AquAI: Überwachung der Gesundheit und des Wohlbefindens von Wassertieren in Forschungseinrichtungen

 

Die Beurteilung von Gesundheit und Wohlergehen von Wassertieren in Forschungseinrichtungen basiert im Allgemeinen auf einer visuellen Inspektion durch qualifiziertes Personal. Diese Art von Kontakt kann jedoch sowohl normale als auch abnormale Verhaltensmuster beeinträchtigen und die Wahrscheinlichkeit einer frühzeitigen Erkennung potenzieller Probleme verringern. Fische können sich beispielsweise an den Menschen gewöhnen und ihre Anwesenheit mit Fütterungs- oder Reinigungstätigkeiten in Verbindung bringen. Solche Aktivitäten können Verhaltensmuster verursachen (z. B. in Fresswut verfallen, bevor das Futter verabreicht wird, oder Erregung aufgrund eines erwarteten Reinigungsprozesses), die auch subtile Verhaltensänderungen verschleiern können, wodurch es schwieriger wird, Gesundheit und Wohlbefinden der Tiere korrekt zu beurteilen .

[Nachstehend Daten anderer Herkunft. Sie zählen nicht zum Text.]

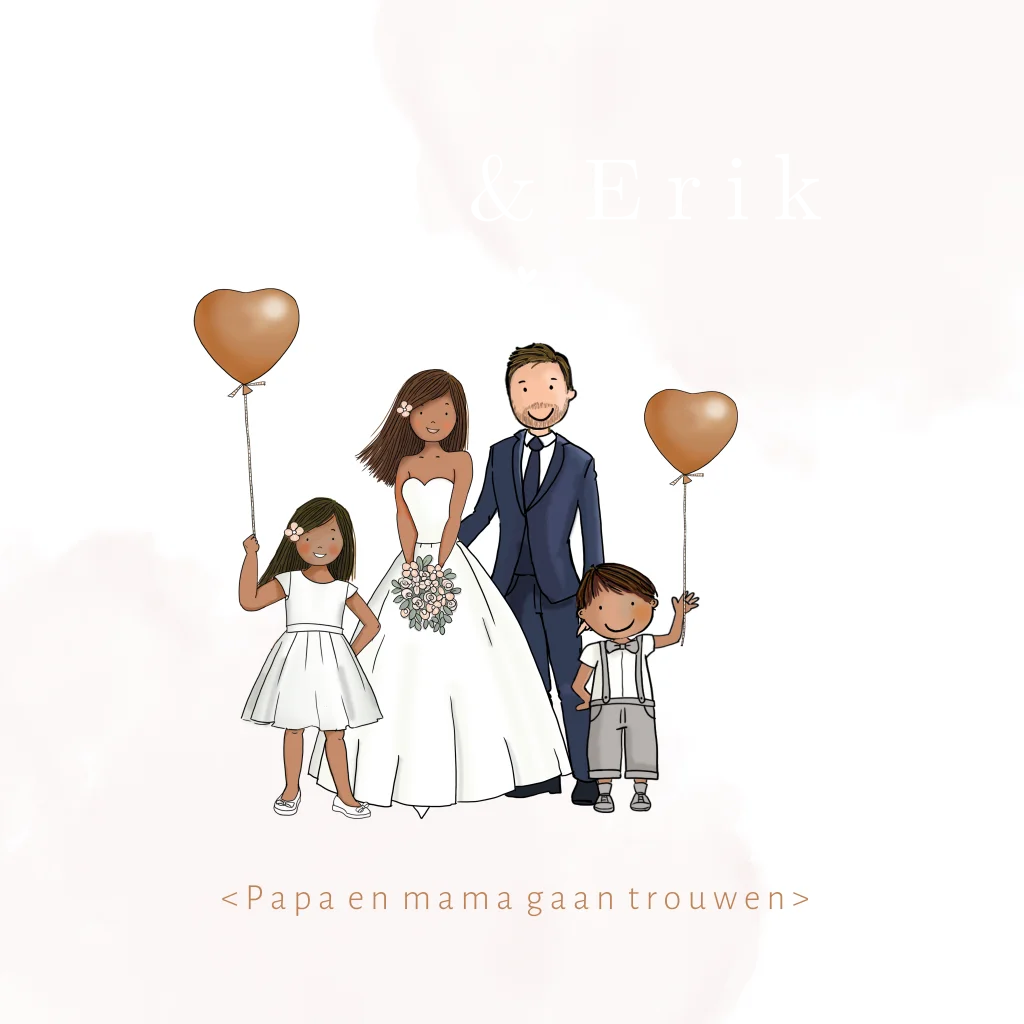 Trouwkaart familie met kinderen en ballonnen, deze kaart is naar wens zelf samen te stellen, de kinderen, bruid en bruidegom zijn uit te kiezen uit onze clipart

Das AquAI-Projekt zielt darauf ab, Wassertierforschungseinrichtungen mit kostengünstigen Hardware- und Open-Access-Software-Alternativen zu unterstützen, um das Fischverhalten als Teil des Notfallwarnsystems kontinuierlich zu überwachen. Aquarien der lehrstuhleigenen Tierhaltung sind mit Web-Kameras ausgestattet, die von RaspberryPi-Minicomputern gesteuert werden, um Bilder über ein serverbasiertes Videoüberwachungssystem (VSS) zu sammeln und sie einem maschinellen Lernwerkzeug zu präsentieren, um Fische und ihre Schwimmverhaltensmuster in Echtzeit zu erkennen.

Das AquAI-Projekt startete als studentisches Forschungsprojekt (VetResearch p34-38) und wurde seitdem in Teilen auf der 25. Internationalen Konferenz für Tierschutz und der 17. Internationalen Konferenz für Ethologie und Tierhaltung, auf VetResearch-Retreats und der 1st International Conference on Science Technology & Innovation – Maejo University (Chiang-Mai, Thailand) vorgestellt.

 

Das Projekt wird von Dominik von La Roche und Herrn P. Bawidamann (TU München) mit Unterstützung der Kollegen der IT-Gruppe der Veterinärmedizinischen Fakultät der LMU und Prof. Dr. Dejan Milić (Universität Niš, Serbien) durchgeführt.